Which is perhaps why some end up cockblocked by their own desire and, despite the number of gay men around, can’t get laid, as many of the men find others to be too feminine. Ironically, true glee appears mostly during Ladies Night, when the men dress as women, prancing around with their otter goatees and high heels without the burden of having to woo the biggest dick on deck. At last they look sincerely happy—not spurned by the feeling of being doomed to unrequited love. Being in drag seems to suspend the burden of performing an always-lacking masculinity in order to entice some impossibly masculine partner. Ultimately it isn’t the open sea that brings these men solace from the world on land that’s rigged against them, but the very femininity they work so hard to run away from whenever it isn’t Ladies Night.
If the global reunion that the cruise ship presents here is such a panacea, why is there so much moping?
Dream Boat features luscious aerial shots of a ship packed with gay bodies sunbathing, working out, and twirling to electronic music in chaps and leather masks. The film aestheticizes everything that comes into view. When the camera cares to prod behind the abs and the speedos, the men’s confessionals all feel so very ’90s. These interviews, conducted inside cramped private quarters, almost all revolve around how these individuals came out, memories of childhoods marred by bullying and complaints about gay men all looking the same and only caring about size. Although the grievances are mostly from men who come from places outside of Europe and America, which points to a gap between what counts as a gay life in Palestine versus such a life in Austria, it all feels redundant and predictable. A refreshing intervention in the midst of such trite accounts is a handicapped French man who explains how he found out his legs were going to stop working as he fawns over old Mireille Mathieu LPs.

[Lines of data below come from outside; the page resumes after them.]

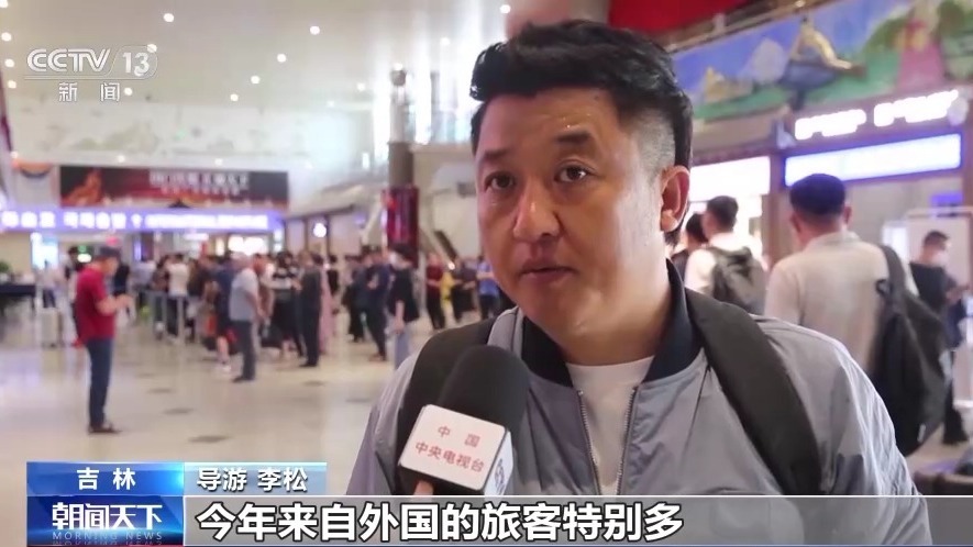 導(dǎo)游 李松:今年來自外國的旅客特別多,這個團(tuán)是這個月我?guī)У牡谖鍌€團(tuán)了。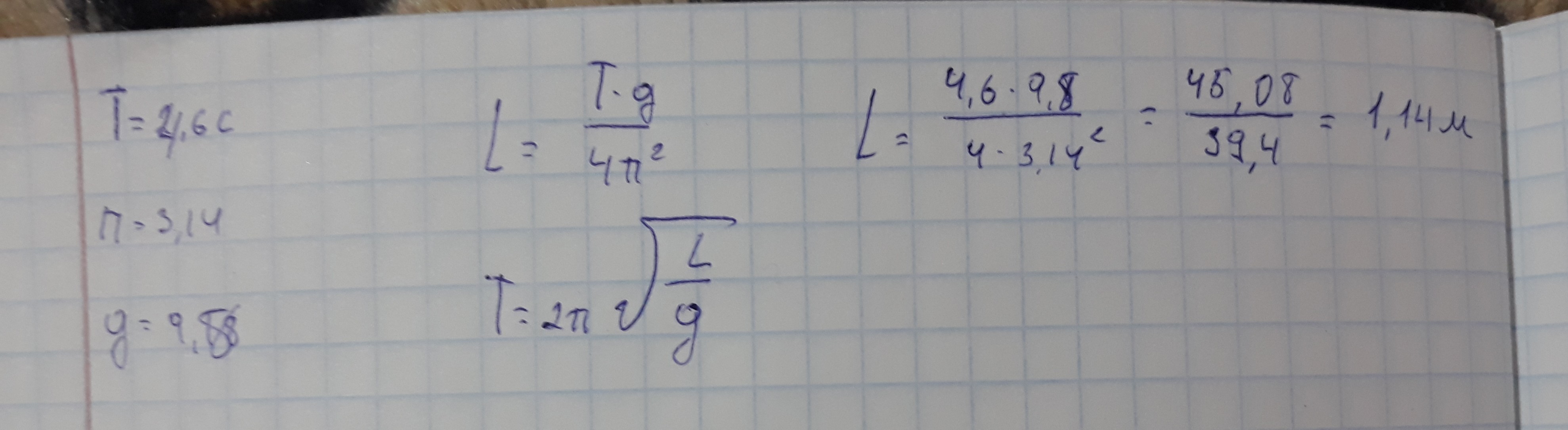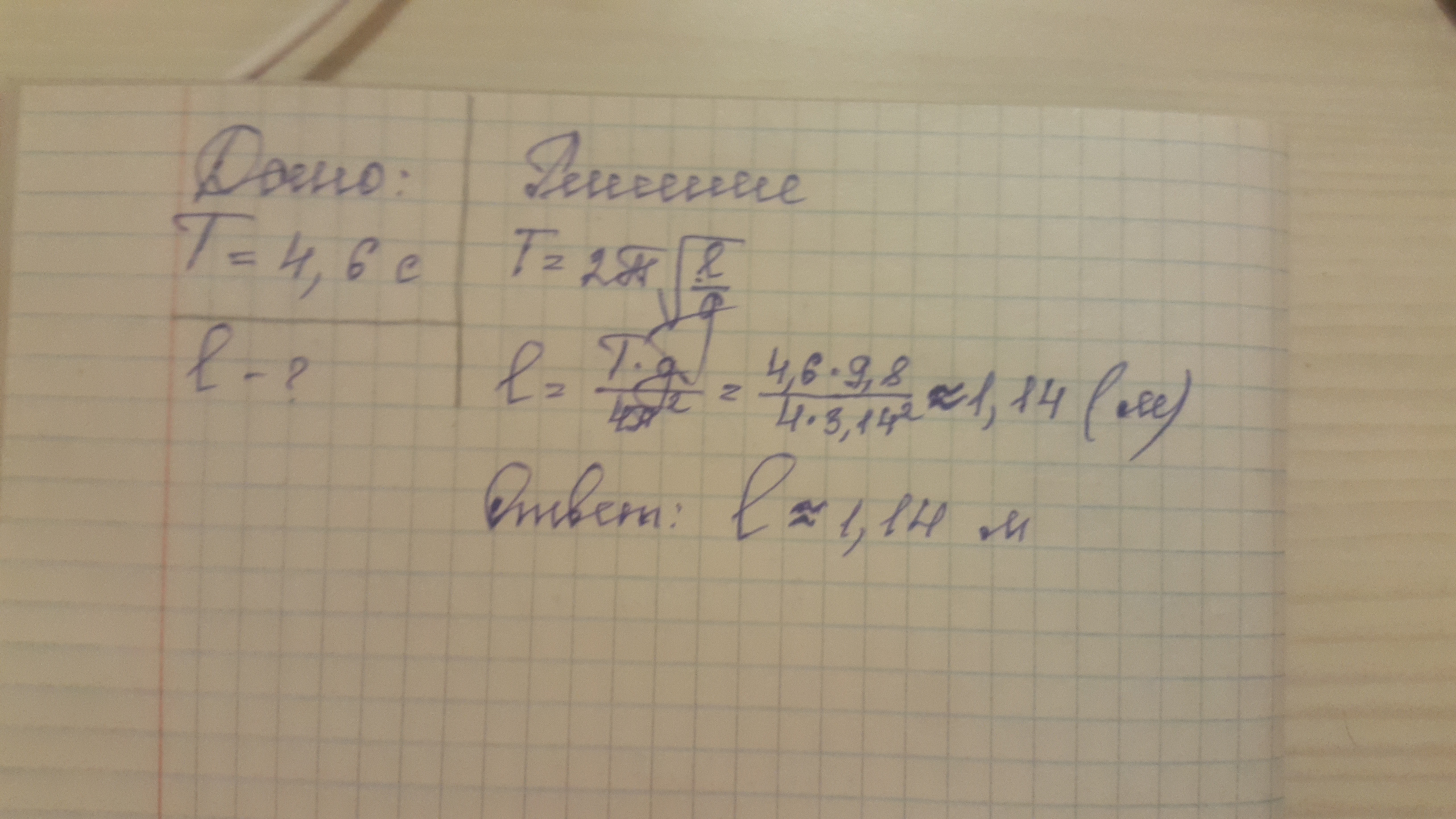 Определи длину математического маятника с периодом колебаний 4,6 с. При расчетах прими π=3,14, g=9,8 м/с².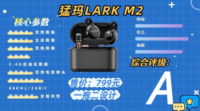 猛玛LARK M2主打高性能便携收音,采用的是双发射器单接收器配置,并配备了专用的充电收纳盒,在便携性与专业性能之间实现比较良好的平衡。发射器体积较紧凑,重量比较轻,支持磁吸与衣夹的佩戴方式,旋转夹设计可以比较灵活调节收音角度,长时间使用也不会造成明显负担。充电收纳盒采用一体化设计,可收纳装有配件的发射器,并提供专门空间存放转接线,便于外出携带与整理。接收器配备高清显示屏和操作拨轮,可直观查看电量、增益及其他录音参数,同时支持猛玛官方App调节与固件升级。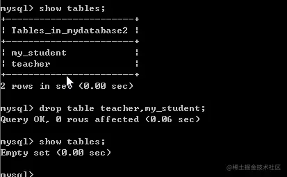 基础语法:drop table 表名[,表名2…],可以同时删除多个数据表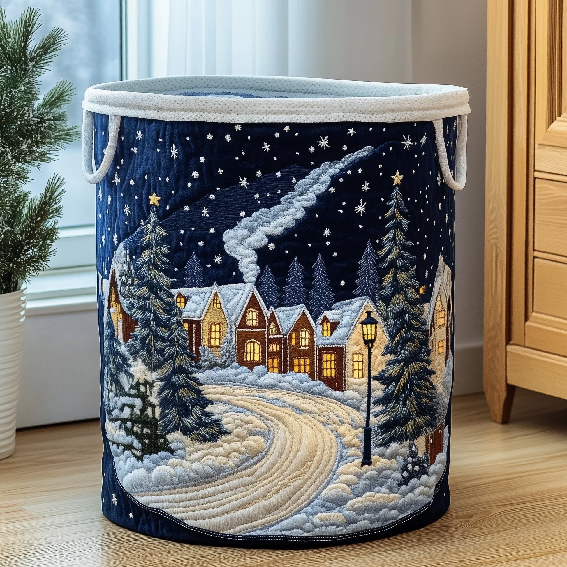 Snowy Cottage Quilted Laundry Basket GFTONT3356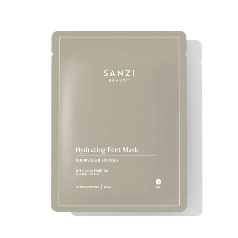 2. Åbn Hydrating Feet Mask, adskil de to masker, og åbn toppen af hver maske.Placér dine fødder i maskerne og sikre dem med det klistrende stykke.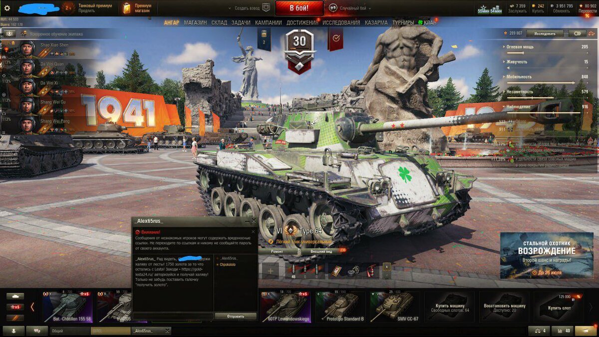 всё чаще стали приходить сообщения с мотивацией пройти на сайт леста, но то не официальный сайт Lesta Сообщения на картинках. В сообщении уверяют что получи мол определенное количество голд, пройдя на сайт по указанной ссылке! Конечно же там необходимо ввести свои данные от аккаунта? чтобы начислилась премия. Но я уверен после ввода логина и пароля, ничего не произойдет кроме того, что Ваш аккаунт будет украден, Все танки проданы, игровая валюта переведена куда нибудь. А возможно что еще хуже, похищенные данные будут проданы каким нибудь прохиндеям мошенникам! Так что я, как и администрация сайта, не рекомендуем и даже настаиваем на том, чтобы Вы не переходили по неизвестным ссылкам. Ведь информация о подарках, премиях и т.д. своевременно публикуется на заставке при входе в игру! Будьте бдительны и крайне внимательны! Тогда все у Вас получится... Да и подпишитесь, Вам не трудно, а нам приятно!

The cruise ship at the center of the documentary is dressed up (literally) in the planet’s various flags—Lebanon, Argentina, the European Union—as if the gays on board were pinkwashing their way to some paradise, where not just women but femininity in others more generally would be excised from all bodies. Dream Boat alludes to this most troublesome aspect of gay sociality despite its attempts at portraying the cruise like a kind of “We Are the World” triumph in which all nations come together as one big gay happy family. But if this global reunion is such a panacea, why is there so much moping?

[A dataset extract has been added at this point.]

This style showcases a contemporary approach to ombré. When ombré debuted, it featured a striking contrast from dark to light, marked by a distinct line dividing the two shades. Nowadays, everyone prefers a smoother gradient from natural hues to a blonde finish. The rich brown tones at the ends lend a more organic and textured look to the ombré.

One man says that he didn’t get lonely until he boarded the ship. A Palestinian man self-exiled in Europe adorns his beautiful Belgium flag on his oiled body with the help of a friend. He used to be depressed, but now he’s happy because his recently acquired Belgian passport lets him live in a place where instead of harassing him, the police protect him against discrimination. Or so he says. The film doesn’t seem very interested in exploring the implications of the pronouncements that such individuals make. Which is a shame, because that’s precisely Dream Boat’s most interesting, and disturbing, element: the dissonance between the ship’s reason for being and the sorrow of its passengers, who remain marked as foreigners (to others and themselves) even when the ocean is meant to efface the concept of borders.